TASK STATEMENT – Copy the listing exactly as given. Omit every picture.
--- DATA Enclosed Below ---
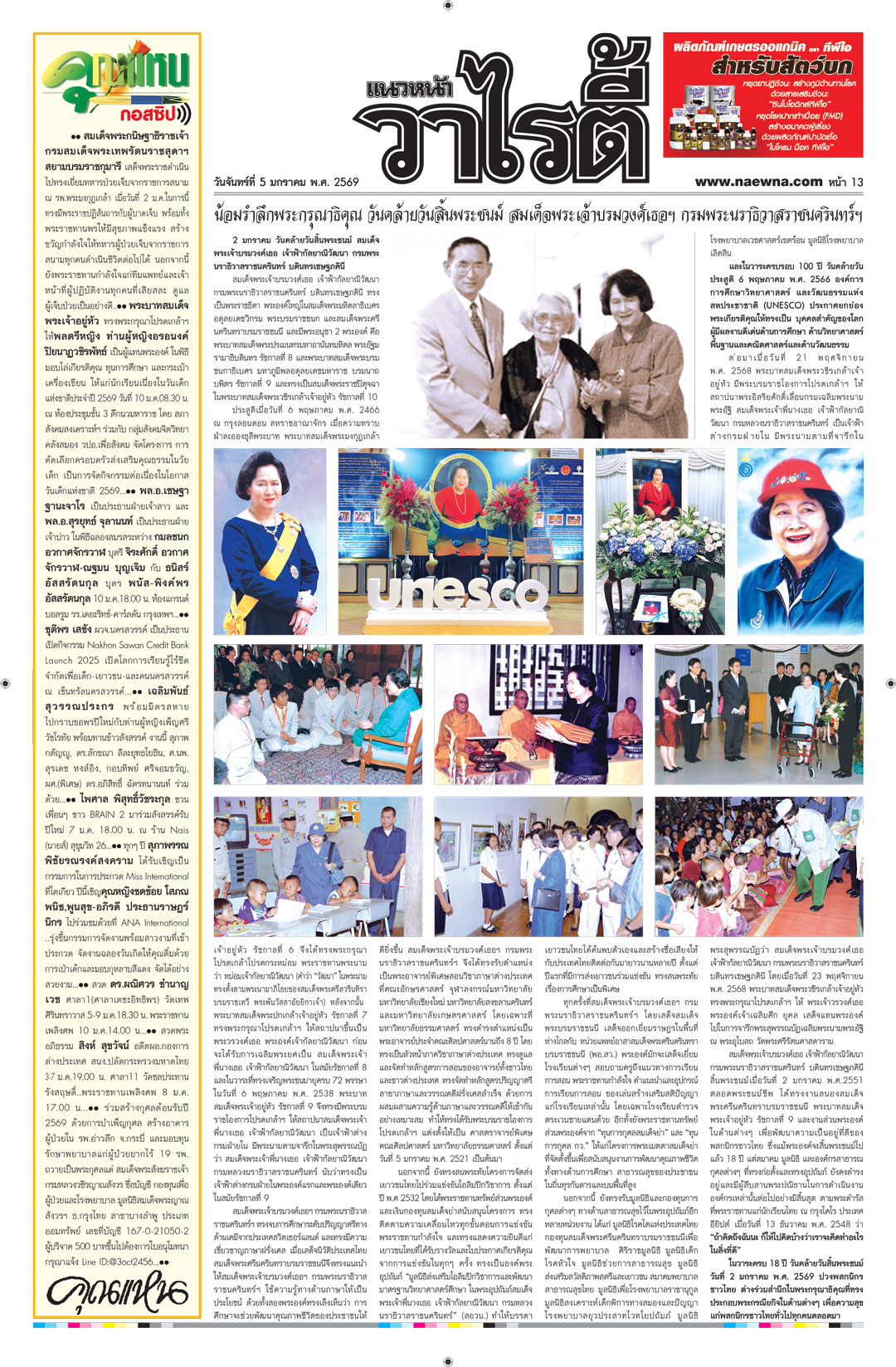 ปีที่ 46 ฉบับที่ 16317 ประจำวัน จันทร์ ที่ 5 มกราคม พ.ศ. 2569
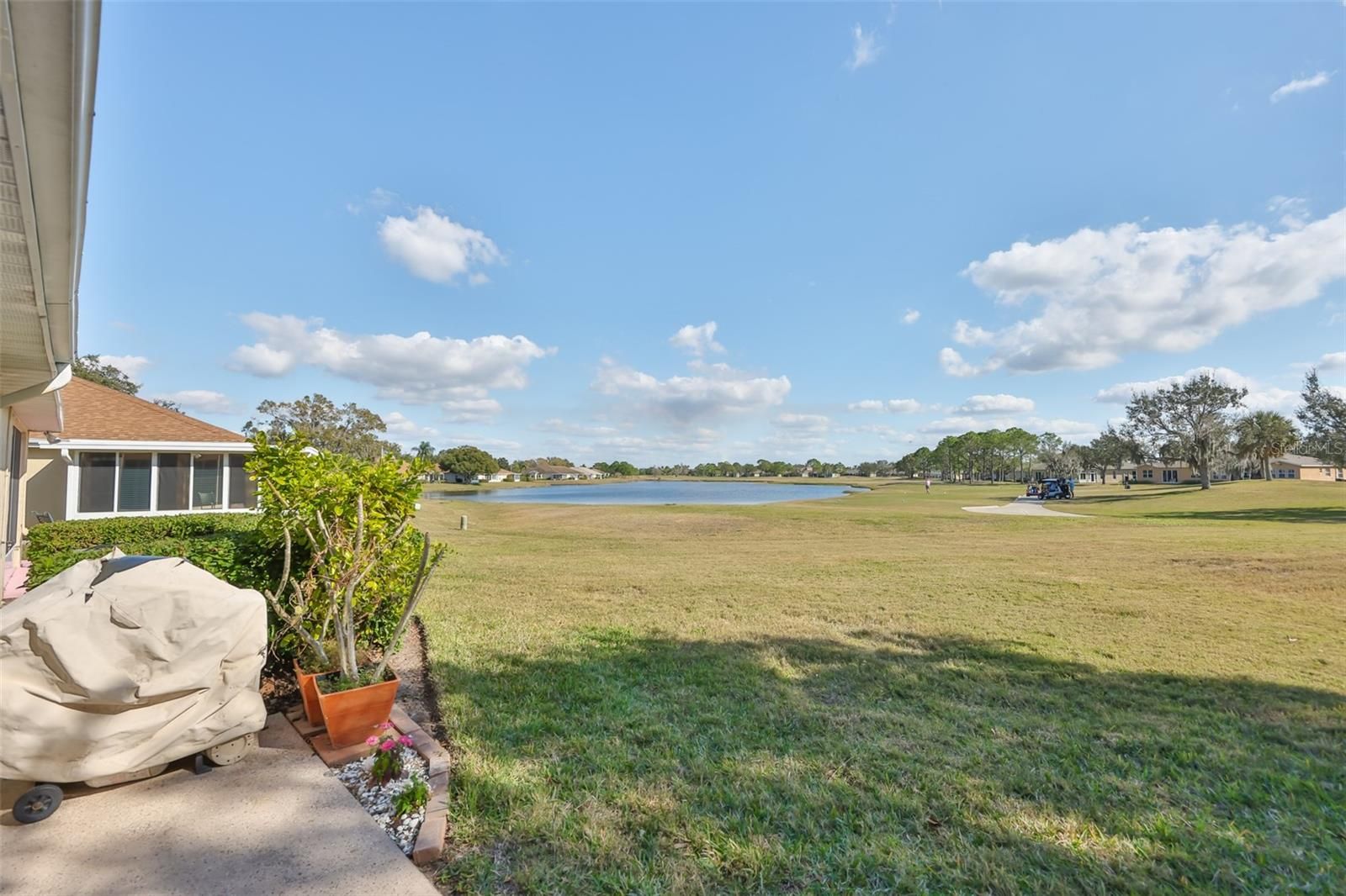 This Concord model condo is centrally located with quick access by car or golf cart to both the North and South clubhouses. Each feaures indoor and outdoor pools, exercise areas, arts and crafts, game rooms, and party rooms. The North also includes a cafe and a large auditorium with a large stage for various entertainment including movies and live performances. The South includes a restaurant and bar. If you don't want to go to a club house to take a swim, your Nantucket Associations has their own private swimming pool for your pleasure. Enjoy your coffee in the morning and your favorite drink in the evening by gazing over the golf course and water view from the back of your home. The brick paver driveway was recently resealed and leads to the Epoxy covered garage floor. Once inside, you will notice the kithen includes new backsplash tile, newer appliances, pantry and leads to the laundry area with entrance to the 1.5 car garage with room for a car, golf cart and lots of storage. The kitchen counter allows for a breakfast bar with seating for two. The combination dining and living room leads to the enclosed lanai under central air. The split bedrooms allow for more privacy for you and your guest. A newer walkin shower was recently installed in the main bath. Vinyl wood floors and ceramic tile are featured throughout the condo. The air conditioner was replaced in Occtober 2024 and a repipe of the plumbing system was done in January of 2017. A final note: your location puts you within a mile of all the venues the Tampa area has to offer: 4 major sports, the white sandy beaches of the gulf coast, cruise lines, the arts of Tampa and Sarasota. Add a half hour to your trip and your in Walt Disney World in Orlando, Florida.
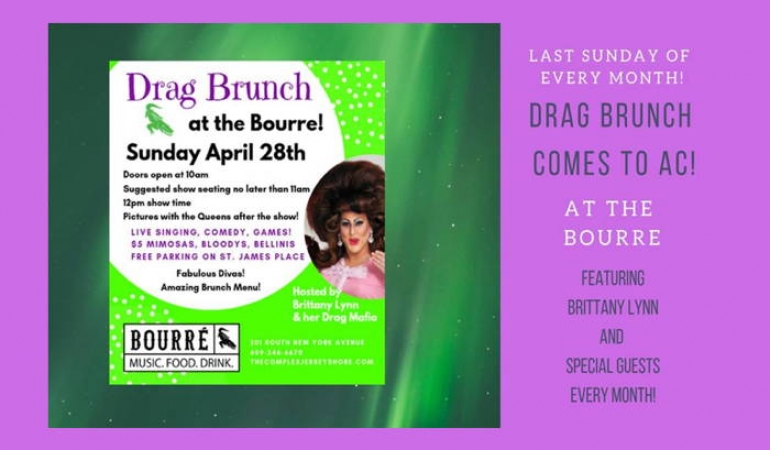 Drag Brunch FINALLY comes to AC! Bourre_ac is bringing you the finest in female and celebrity impersonation with Philly’s Drag Queen Brittany Lynn (Ian Morrison-Miss'd America 2004 and the Mummers Miss Fancy Brigade) and her infamous Philly Drag Mafia! (Phillydragmafia.com)-plus special guests from the Philly Drag Mafia!
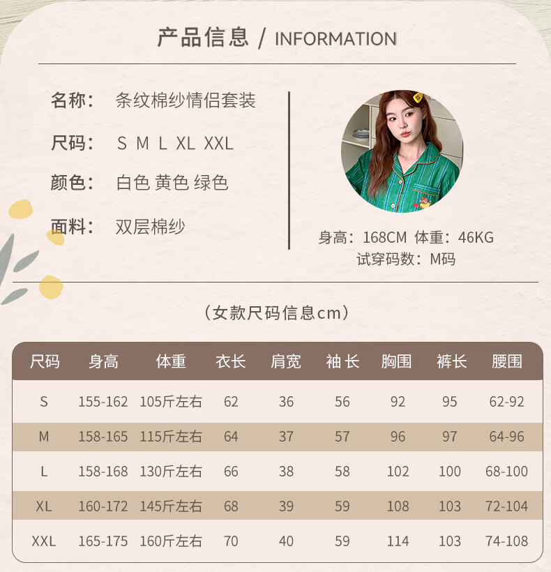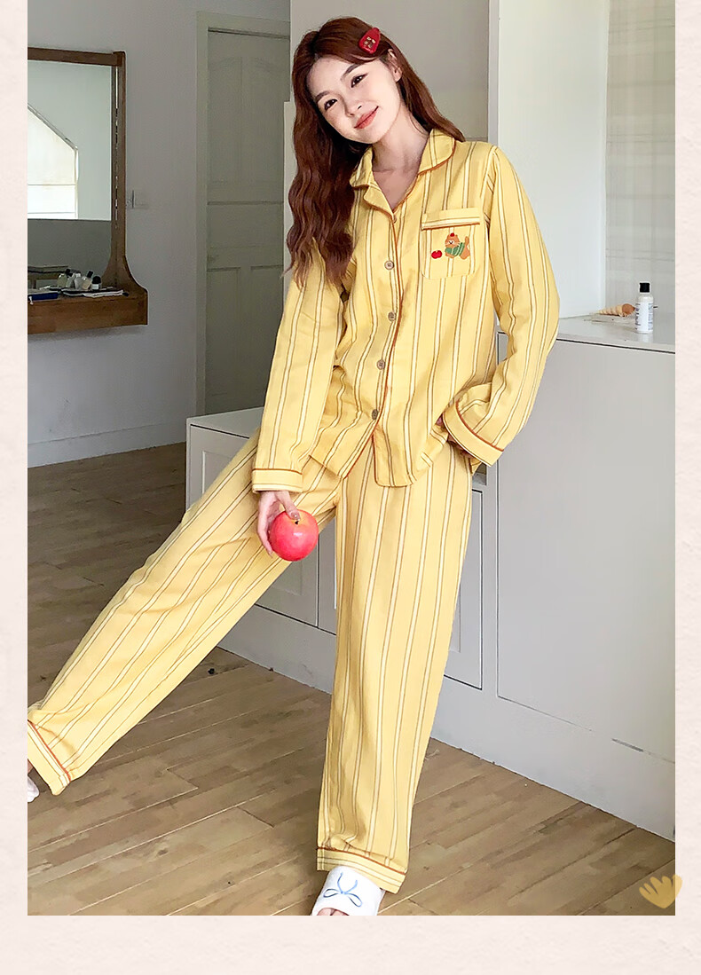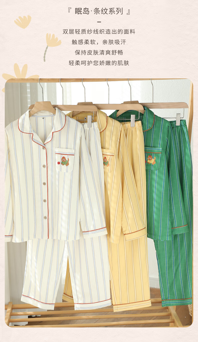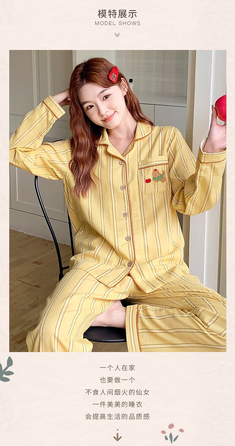 Miandao couple pajamas spring and summer pure cotton gauze long-sleeved suit simple striped men and women can wear outside home clothes yellow strip (women's style) L
--- End of Enclosed DATA ---
ANSWER –
 ปีที่ 46 ฉบับที่ 16317 ประจำวัน จันทร์ ที่ 5 มกราคม พ.ศ. 2569
 This Concord model condo is centrally located with quick access by car or golf cart to both the North and South clubhouses. Each feaures indoor and outdoor pools, exercise areas, arts and crafts, game rooms, and party rooms. The North also includes a cafe and a large auditorium with a large stage for various entertainment including movies and live performances. The South includes a restaurant and bar. If you don't want to go to a club house to take a swim, your Nantucket Associations has their own private swimming pool for your pleasure. Enjoy your coffee in the morning and your favorite drink in the evening by gazing over the golf course and water view from the back of your home. The brick paver driveway was recently resealed and leads to the Epoxy covered garage floor. Once inside, you will notice the kithen includes new backsplash tile, newer appliances, pantry and leads to the laundry area with entrance to the 1.5 car garage with room for a car, golf cart and lots of storage. The kitchen counter allows for a breakfast bar with seating for two. The combination dining and living room leads to the enclosed lanai under central air. The split bedrooms allow for more privacy for you and your guest. A newer walkin shower was recently installed in the main bath. Vinyl wood floors and ceramic tile are featured throughout the condo. The air conditioner was replaced in Occtober 2024 and a repipe of the plumbing system was done in January of 2017. A final note: your location puts you within a mile of all the venues the Tampa area has to offer: 4 major sports, the white sandy beaches of the gulf coast, cruise lines, the arts of Tampa and Sarasota. Add a half hour to your trip and your in Walt Disney World in Orlando, Florida.
 Drag Brunch FINALLY comes to AC! Bourre_ac is bringing you the finest in female and celebrity impersonation with Philly’s Drag Queen Brittany Lynn (Ian Morrison-Miss'd America 2004 and the Mummers Miss Fancy Brigade) and her infamous Philly Drag Mafia! (Phillydragmafia.com)-plus special guests from the Philly Drag Mafia!
 Miandao couple pajamas spring and summer pure cotton gauze long-sleeved suit simple striped men and women can wear outside home clothes yellow strip (women's style) L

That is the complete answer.